Penelitian terkait infeksi nosokomial pernah dilakukan di Bali khususnya di
Denpasar yaitu dilakukan oleh Paramitha (2014) di Rumah Sakit Dharma Yadnya
Denpasar. Penelitian tersebut belum melibatkan adanya variabel perilaku pencegahan
infeksi nosokomial perawat di rumah sakit tersebut. Selain itu, penelitian tentang infeksi
nosokomial belum pernah dilakukan di Rumah Sakit Umum Puri Raharja karena
penerapan pencegahan infeksi nosokomial mulai difokuskan sejak terbentuknya tim
Pencegahan dan Pengendalian Infeksi (PPI) dari bulan Agustus 2014. Survei pendahuluan
menunjukan bahwa dari delapan perawat di ruang rawat inap yang diwawancarai, hanya
tiga orang yang mengetahui universal precaution dalam upaya pencegahan infeksi
nosokomial.
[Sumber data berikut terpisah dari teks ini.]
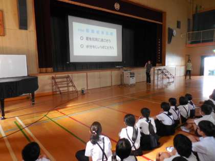 校長からの話の後、養護教諭、栄養教諭から、子どもたちへ「夏を元気に過ごす」ことをテーマにプレゼンテーションがありました。

Selain itu dari hasil pengamatan awal, terdapat beberapa perawat tidak
mencuci tangan sebelum melakukan tindakan dan tidak mengganti sarung tangan setelah
melakukan tindakan dari satu pasien ke pasien lainnya. Oleh karena itu, perlu dilakukan
penelitian tentang pengetahuan dan perilaku perawat dalam pencegahan infeksi
nosokomial.
1.2
Rumusan Masalah
Berdasarkan latar belakang dan fakta diatas, dapat dirumuskan masalah bahwa
jumlah bakteri pada tiga Ruang Operasi dan satu Ruang ICU Rumah Sakit Umum Puri
Raharja Denpasar ditemukan melebihi standar yang diperkenankan menurut Keputusan
Menteri Kesehatan Nomor 1204/MENKES/SK/2004 tentang Kesehatan Lingkungan
Rumah Sakit, sehingga memiliki risiko sebagai tempat penularan penyakit yang dapat
menimbulkan infeksi nosokomial. Salah satu faktor yang mempengaruhi hal tersebut
adalah perilaku petugas kesehatan khususnya perawat.
1.3
Pertanyaan Penelitian
Adapun
pertanyaan
penelitian
berdasarkan
permasalahan
yang
timbul
“Bagaimanakah pengetahuan dan perilaku perawat dalam pencegahan infeksi nosokomial
di Rumah Sakit Umum Puri Raharja Denpasar?”
1.4
Tujuan
1.4.1
Tujuan umum
Tujuan umum penelitian ini adalah untuk mengetahui pengetahuan dan perilaku
perawat dalam pencegahan infeksi nosokomial di Rumah Sakit Umum Puri Raharja
Denpasar.
1.4.2
Tujuan khusus
Tujuan khusus penelitian ini adalah:
1.
Mengetahui karakteristik perawat di Rumah Sakit Umum Puri Raharja
Denpasar.
2.
Mengetahui pengetahuan perawat dalam pencegahan infeksi nosokomial di
Rumah Sakit Umum Puri Raharja Denpasar.
3.
Mengetahui perilaku perawat dalam pencegahan infeksi nosokomial di
Rumah Sakit Umum Puri Raharja Denpasar.
1.5
Manfaat
Hasil penelitian ini dapat memberikan manfaat antara lain:
1.5.1
Manfaat teoritis
Hasil penelitian ini diharapkan menambah khasanah ilmu pengetahuan dan sebagai
bahan bacaan dan sumber informasi bagi peneliti selanjutnya.
1.5.2
Manfaat praktis
Hasil penelitian ini diharapkan dapat menjadi masukan khususnya pada Rumah
Sakit Umum Puri Raharja Denpasar dalam menentukan kebijakan yang berhubungan
dengan penanggulangan infeksi nosokomial.
1.5.3
Manfaat bagi peneliti
Merupakan suatu pengalaman penting bagi peneliti dalam memperluas wawasan
keilmuwan khususnya mengenai infeksi nosokomial di RSU Puri Raharja Denpasar serta
peneliti dapat mengetahui langsung kenyataan yang terjadi melalui penelitian ini.
1.6
Ruang Lingkup Penelitian
Ruang lingkup penelitian ini adalah keselamatan dan kesehatan kerja yang
membahas mengenai pengetahuan dan perilaku perawat dalampencegahan infeksi
nosokomial di Rumah Sakit Umum Puri Raharja Denpasar.